Lovable exposed 170+ small business databases in February 2026. Moltbook lost 1.5 million API keys. AI website builders are incredible — but most business owners have no idea what's sitting exposed in their backend.
AI-built websites like Lovable and Bolt.new are launching with serious security gaps. 45% of AI-generated code fails basic security checks. If your site collects data, has user logins, or connects to any API, here's what to audit right now.
January 2026. A startup called Moltbook — a social network built almost entirely using AI tools — had 1.5 million API keys sitting in an exposed database. Not buried deep in some obscure backend. Accessible. Logged by anyone who knew where to look.
A month later, security researchers ran a systematic scan of websites built with Lovable, one of the most popular AI website builders of the past year. They found more than 170 databases with zero row-level security. Customer emails, form submissions, booking records, and in some cases sensitive personal information — sitting there, readable, on businesses that had no idea.
This isn't a hypothetical future risk. This is what happened in the last 90 days.
For anyone who hasn't been following the trend: vibe coding is the practice of building websites, apps, and digital products by describing what you want to an AI — Lovable, Bolt.new, Cursor, Claude Code — and having it write the code for you. No traditional development experience required.
The results are genuinely impressive. For prototypes, personal projects, landing pages, and early-stage products, it has changed what's possible for founders and small business owners with limited budgets.
The problem is not the tools. The problem is when real businesses — ones collecting real customer data, processing real transactions, or storing anything sensitive — launch these AI-built products without anyone with security experience ever reviewing them.
The Lovable scan found something specific: no row-level security. In plain English, here is what that means.

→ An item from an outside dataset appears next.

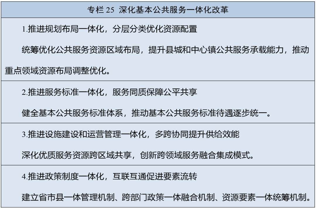 ——城乡一体融合高质量发展实现重大突破,全体人民共享高品质幸福生活更加可感可及。杭甬双城综合能级和综合辐射带动作用显著提升,山区海岛县内生发展动力更加强劲,县城综合承载能力进一步提升,和美乡村实现省域基本全覆盖;高质量充分就业取得新进展,居民收入增长与GDP增长同步,居民人均可支配收入达9万元左右,劳动报酬提高与劳动生产率提高同步,以中等收入群体为主体的橄榄型结构形成;社会保障制度更加优化更可持续,公共服务更加均衡普惠、共享可及,成为心生向往、情感归属、梦想成真的幸福家园。

Imagine your website has a customer database. Row-level security means each user can only access their own records — their own bookings, their own account history, their own payment info. Without it, the structure is there but the gates are not locked. Someone who understands how to query a database can access records that do not belong to them.
For a service business, that might be intake forms with client names and contact details. For a health-adjacent practice, it gets significantly more serious. For anyone storing payment methods or account credentials, the exposure is direct.
Proofpoint also reported tens of thousands of malicious URLs built with Lovable being used in phishing campaigns in early 2026. The AI-generated sites looked legitimate — professional design, real domains, functional forms — because they were built with the same tools used to build legitimate businesses. That is the other edge of this sword.
Security researchers testing AI-generated code have found that 45% of it fails basic security checks. Not sophisticated zero-day attacks. Not advanced persistent threats. Basic checks that any security audit would run first.
That is not a knock on AI tools — they are improving rapidly. It is a reflection of the gap between "this looks like it works" and "this is safe for real-world use."
Not everyone. A simple portfolio site or a landing page that sends form submissions to your email has a small risk surface.
The risk scales directly with what your site does. You should pay close attention if your site:
If any of those describe your site and it was built primarily through an AI tool without a dedicated security review, it is worth taking a serious look.
Here is what the businesses that were not exposed in these incidents have in common: they did not skip the security conversation before launch.
That sounds obvious. But it is a completely different conversation than most web projects have. It is not about whether the site looks right or whether the contact form sends correctly. It is about who can access what, what happens if a credential leaks, how the backup plan works, and whether any part of what you are collecting triggers compliance requirements for your industry.
Those are not complicated questions. They are just not questions AI tools ask automatically — because the tool is building what you describe, not auditing what you haven't thought of yet.
Before drawing conclusions either way, run through these honestly:
Who built your site? If it was primarily AI-generated, do you know whether a developer reviewed it before launch?
What does your site collect? Forms, bookings, and user accounts require backend security, not just a clean frontend.
Where does that data go? Is it stored in a database? Do you know which one, and who has access to it?
Are any API keys in your frontend code? AI tools sometimes embed API keys where they are visible to anyone who inspects the page source.
Has your site had any security review since launch? Even a lightweight one?
If you cannot answer most of these, that is the useful information. It tells you where to focus.
AI tools are not the enemy. They have made building on the web more accessible than it has ever been, and that is genuinely good for small businesses. But accessibility and security are two separate things — and for a business collecting real data from real customers, both matter.
The businesses that are going to do well in this next phase are not the ones avoiding AI tools. They are the ones who pair those tools with someone who knows where the gaps are and closes them before launch, not after.